Der Tax-Shift drohte für die Föderalregierung zum Monster von Loch Ness zu werden: Seit Monaten versprach die Koalition sie, doch bislang hatte niemand etwas von der großen Steuerverschiebung gesehen. Jetzt liegt sie endlich vor und ist sogar umfangreicher als gedacht: 7,2 Milliarden Euro.
Damit sollen zunächst die Lohnkosten gesenkt werden. Der Arbeitgeberanteil sinkt von 33 auf 25 Prozent. Dadurch werden hiesige Arbeitsplätze gegenüber den Nachbarländern wettbewerbsfähiger. Außerdem soll in den Unternehmen dadurch Spielraum für neue Jobs entstehen, so die Hoffnung der Regierung.
Die Koalition verspricht auch mehr "Netto" vom "Brutto": Ab dem kommenden Jahr sollen zunächst die kleinen und mittleren Einkommen 100 Euro zusätzlich pro Monat in der Tasche haben – später sollen auch die höheren Einkommensklassen von den Steuersenkungen profitieren.
"Gesundheits-Abgabe"
Der Tax-Shift ist aber – wie der Name es schon sagt – in erster Linie eine Steuerverschiebung. Die Mehrwertsteuer auf Strom etwa steigt zum 1. Oktober wieder von sechs auf 21 Prozent, die Abgaben auf Diesel, Tabak und Alkohol werden erhöht. Es wird eine Art Gesundheits-Abgabe, eine neue Steuer auf fettige Lebensmittel wie zuckerhaltige Getränke geben.
Die Quellensteuer soll künftig von 25 auf 27 Prozent angehoben werden – ausgenommen ist lediglich das klassische Sparkonto. Eine Vermögenssteuer wird es so zwar nicht geben, aber die Föderalregierung führt eine Steuer auf spekulatives Verhalten an der Börse ein: Wer seine Aktien weniger als sechs Monate behält, wird auf den Verkauf der Anteile besteuert. Das ist gemeinsam mit der Abgabe auf Geld in Steuerparadiesen die Trophäe, die die flämischen Christdemokraten von der CD&V unbedingt einstreichen wollten.
Haushaltsnachbesserung
Neben der Steuerreform galt es ja auch, den laufenden und den nächstjährigen Haushalt nachzubessern - immerhin ging es um 1,7 Milliarden Euro. Das ist ebenfalls gelungen, meldet die Regierung. Hier soll die Anstrengung nach Angeben aus Regierungskreisen alleine durch Einsparungen erfolgen - also keine zusätzliche Steuern für die Bürger.
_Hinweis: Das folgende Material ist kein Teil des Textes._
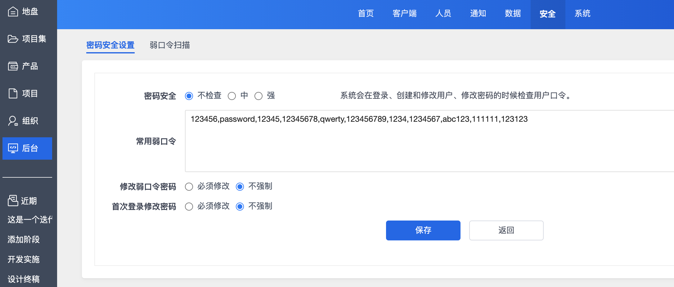 如果需要维护密码安全设置可以到 后台--安全 页面进行修改。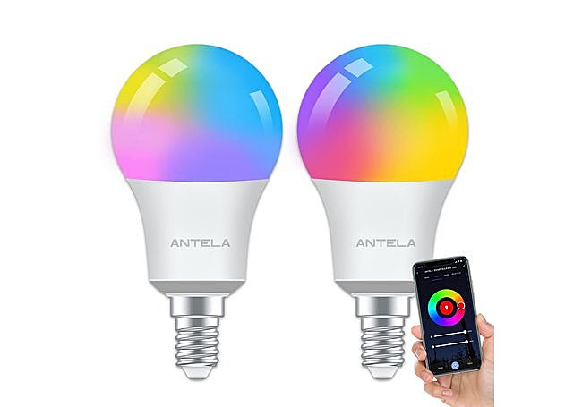 Con tecnología RGB+CCT, la bombilla inteligente ANTELA LED E14 ofrece 16 millones de colores, brillo regulable hasta 806 lúmenes y temperatura de color ajustable entre 2700K y 6500K. Su control por voz o app permite programar horarios, sincronizar con música y gestionar grupos de luces, todo con bajo consumo energético y una vida útil de hasta 15.000 horas.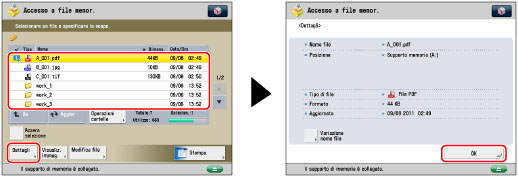 Selezionare il file desiderato → premere [Dettagli] → [OK].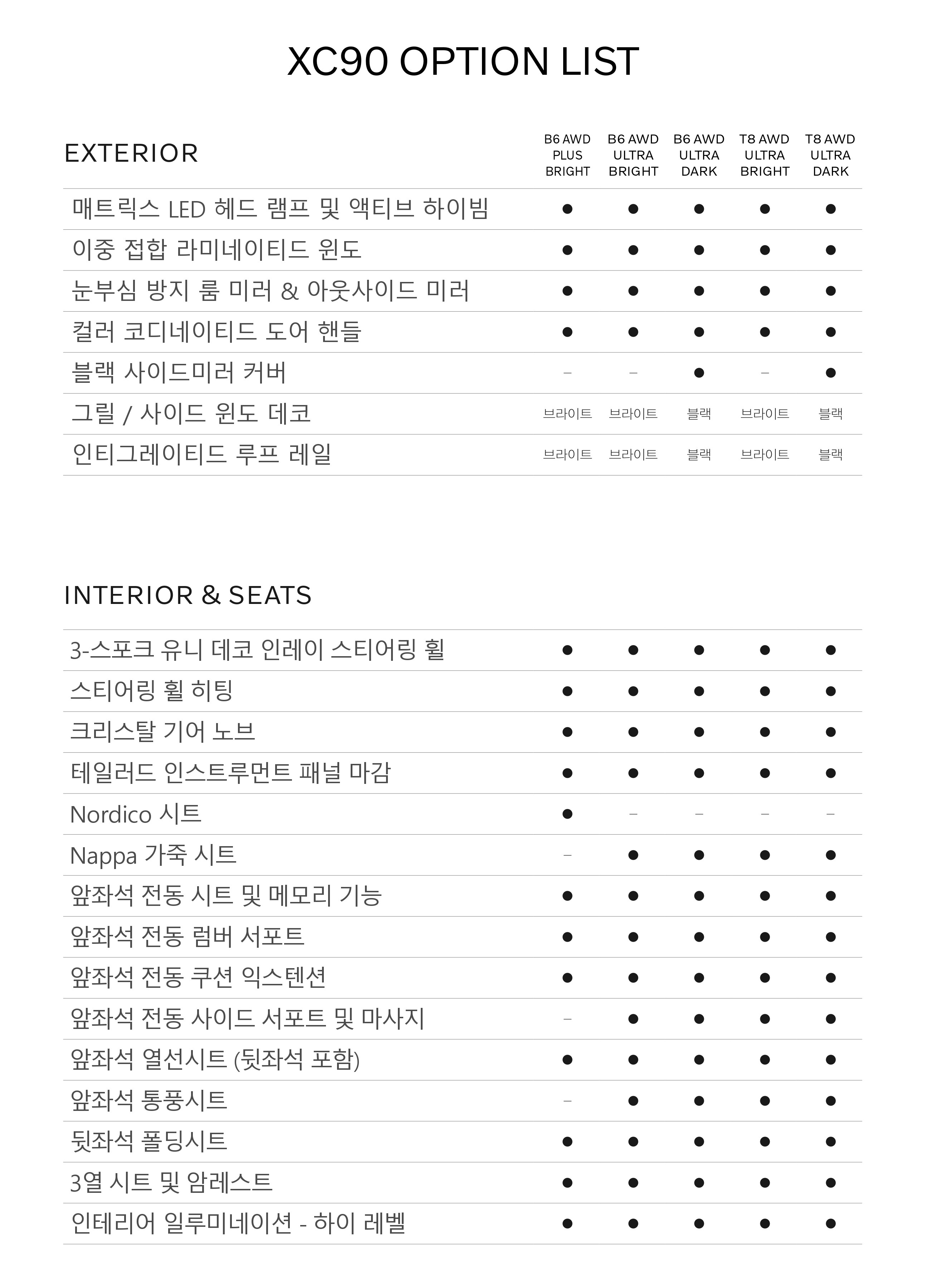 가장 많이들 궁금해하시는 XC90 플러스 vs 울트라 옵션 차이만 모아보았습니다.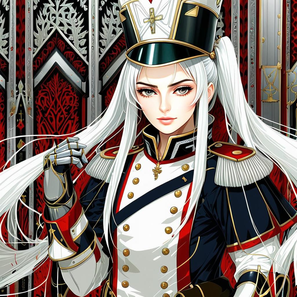 This detailed anime-style illustration features a confident woman dressed in an elaborate military uniform with gold buttons and accents, including epaulets and a tall hat adorned with a cross emblem. Her long white hair flows elegantly, contrasting with the ornate red and silver background, conveying a powerful and commanding presence. The artwork blends classical military design with modern anime aesthetics, showcasing intricate line work and vibrant color contrasts.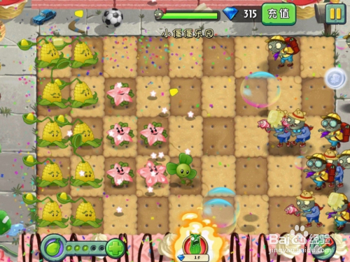 点击起头游戏,进入游戏可以发现游戏地图和僵尸都发生了转变。第一关比力简单,只需要在最后一排种上一排玉米投手,然后依次莳植其他植物即可。注重僵尸会释放彩色泡泡,这种泡泡会带走植物,所以需要实时利用三叶草吹走泡泡。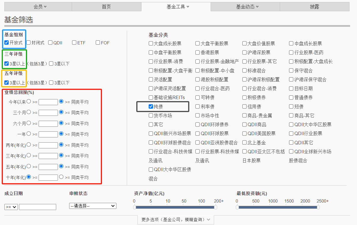 我们选择更多筛选条件来进行更详细的筛选,按照上面讲过的筛选标准我们选择纯债基金,三年和五年评级3星以上业绩总回报大于同类平均,点击查询进行初步筛选

Der Staat wird 700 Millionen Euro bei sich selbst sparen müssen. Außerdem will die Regierung die Arbeitgeber ermutigen, definitiv auf Frührenten zu verzichten. Und es gibt keinen lebenslänglichen Anspruch mehr auf Arbeitslosengeld: Nur wer mindestens 25 Jahre in die Sozialsysteme eingezahlt hat, der soll auch weiterhin bis zur Rente Arbeitslosenunterstützung beziehen dürfen.
Reaktionen
Die Parteien der Föderalregierung (N-VA, CD&V, OpenVLD und MR) sagen, sie haben Wort gehalten und eine Einigung vorgelegt, die Haushaltsstabilität ermöglicht, mehr Kaufkraft für die Bürger und mehr Wettbewerbsfähigkeit für die Unternehmen. Die Opposition - allen voran die PS - spricht von einer schlechten Einigung. Mal wieder würden die Bürger zur Kasse gebeten, außerdem gebe es keine Garantie für neue Jobs.